▶ What is expected:
A word-for-word copy of the data, pictures excluded, is what this task asks for.

▶ Data provided:
########

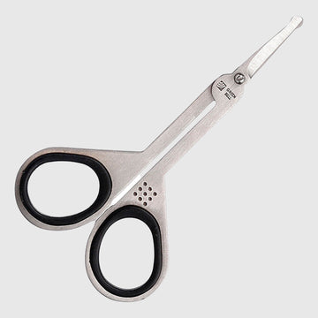 En saks med avrundede tupper, noe som gjør den perfekt til stussing av blant annet nesehår. Saksen er av rustfritt stål og har gummibelegg på ringene for ekstra komfort.
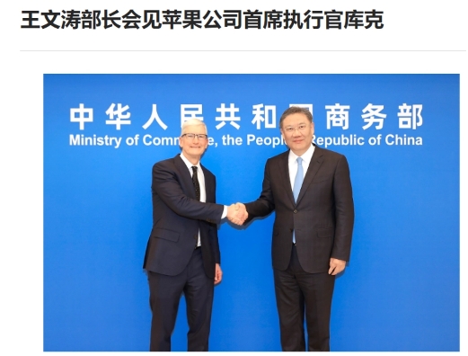 3 月 22 日,商務(wù)部部長王文濤會見美國蘋果公司首席執(zhí)行官庫克。雙方就蘋果公司在華發(fā)展、中美經(jīng)貿(mào)關(guān)系等議題進(jìn)行了交流。庫克表示,中國人才資源豐富、創(chuàng)新活力強(qiáng),是蘋果公司的重要市場和關(guān)鍵供應(yīng)鏈伙伴。蘋果公司將繼續(xù)致力于在華長期發(fā)展,持續(xù)加大對中國供應(yīng)鏈、研發(fā)和銷售的投入。
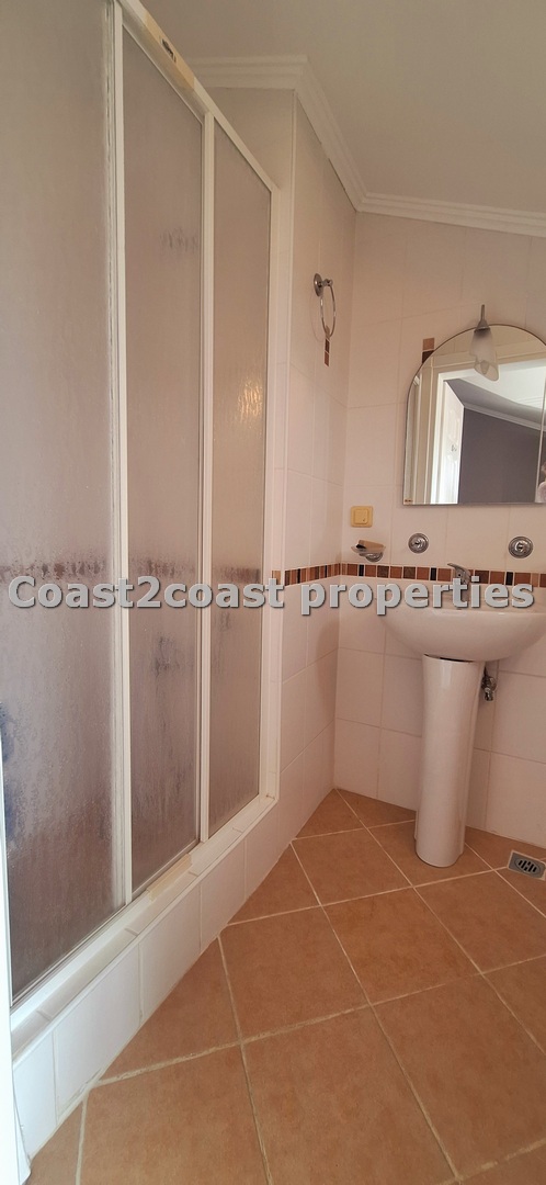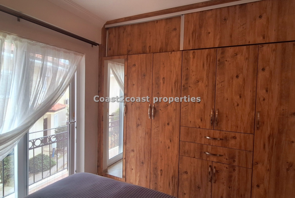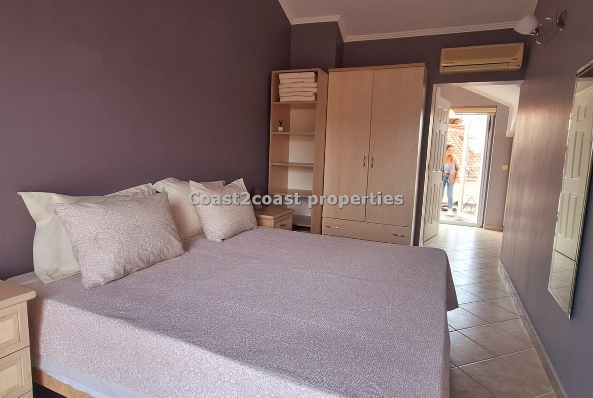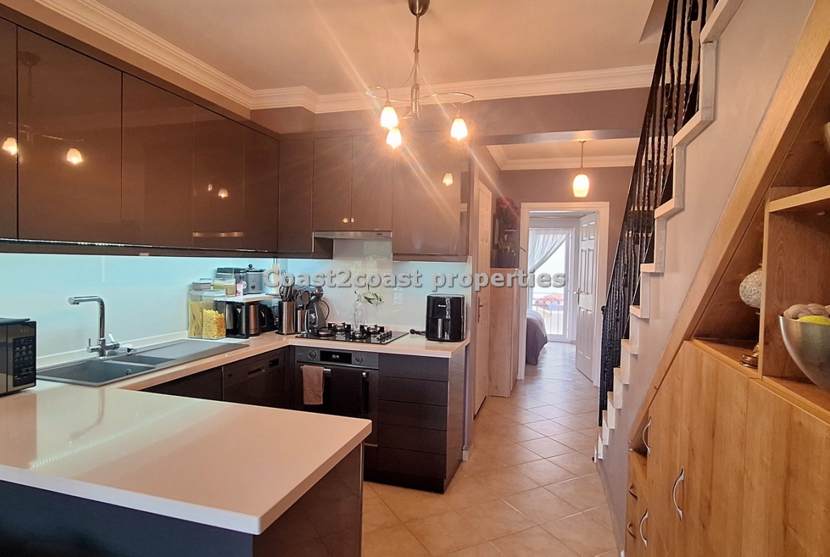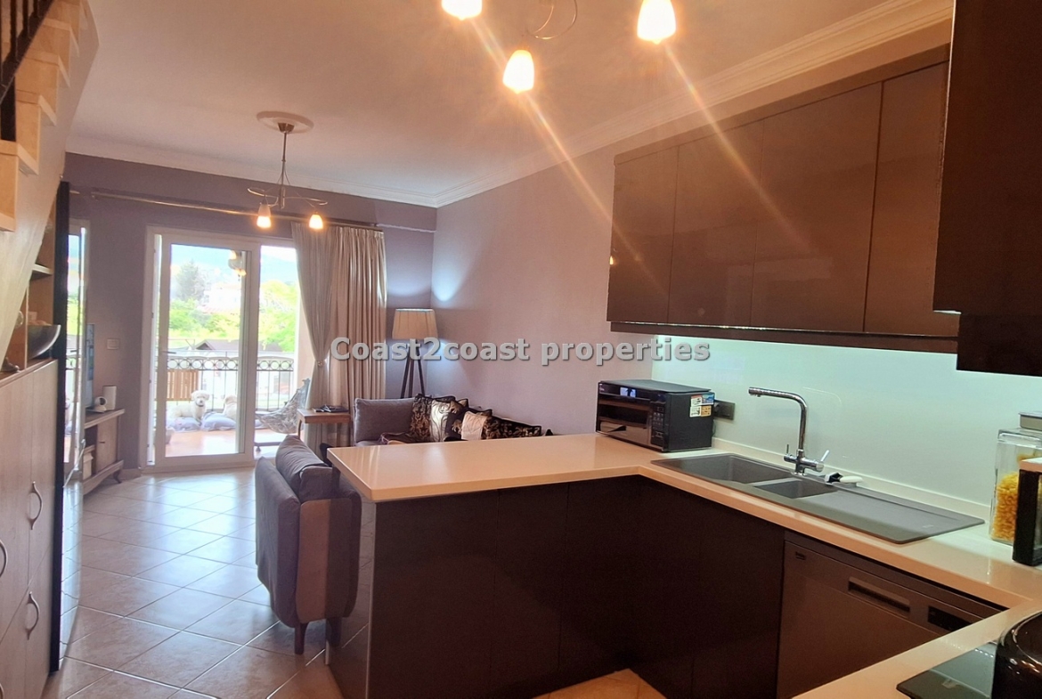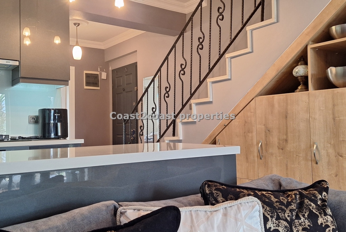 This property for sale in Turkey is a three bedroom on two floors. There is an apartment below this one. The courtyard that leads you up to this property is very nice and spacious with access to 2 swimming pools which this apartment over looks. The entrance level has Lounge, kitchen, 2 double bedrooms, shower room and a balcony.

########

▶ Written answer:
 En saks med avrundede tupper, noe som gjør den perfekt til stussing av blant annet nesehår. Saksen er av rustfritt stål og har gummibelegg på ringene for ekstra komfort.
 3 月 22 日,商務(wù)部部長王文濤會見美國蘋果公司首席執(zhí)行官庫克。雙方就蘋果公司在華發(fā)展、中美經(jīng)貿(mào)關(guān)系等議題進(jìn)行了交流。庫克表示,中國人才資源豐富、創(chuàng)新活力強(qiáng),是蘋果公司的重要市場和關(guān)鍵供應(yīng)鏈伙伴。蘋果公司將繼續(xù)致力于在華長期發(fā)展,持續(xù)加大對中國供應(yīng)鏈、研發(fā)和銷售的投入。
 This property for sale in Turkey is a three bedroom on two floors. There is an apartment below this one. The courtyard that leads you up to this property is very nice and spacious with access to 2 swimming pools which this apartment over looks. The entrance level has Lounge, kitchen, 2 double bedrooms, shower room and a balcony.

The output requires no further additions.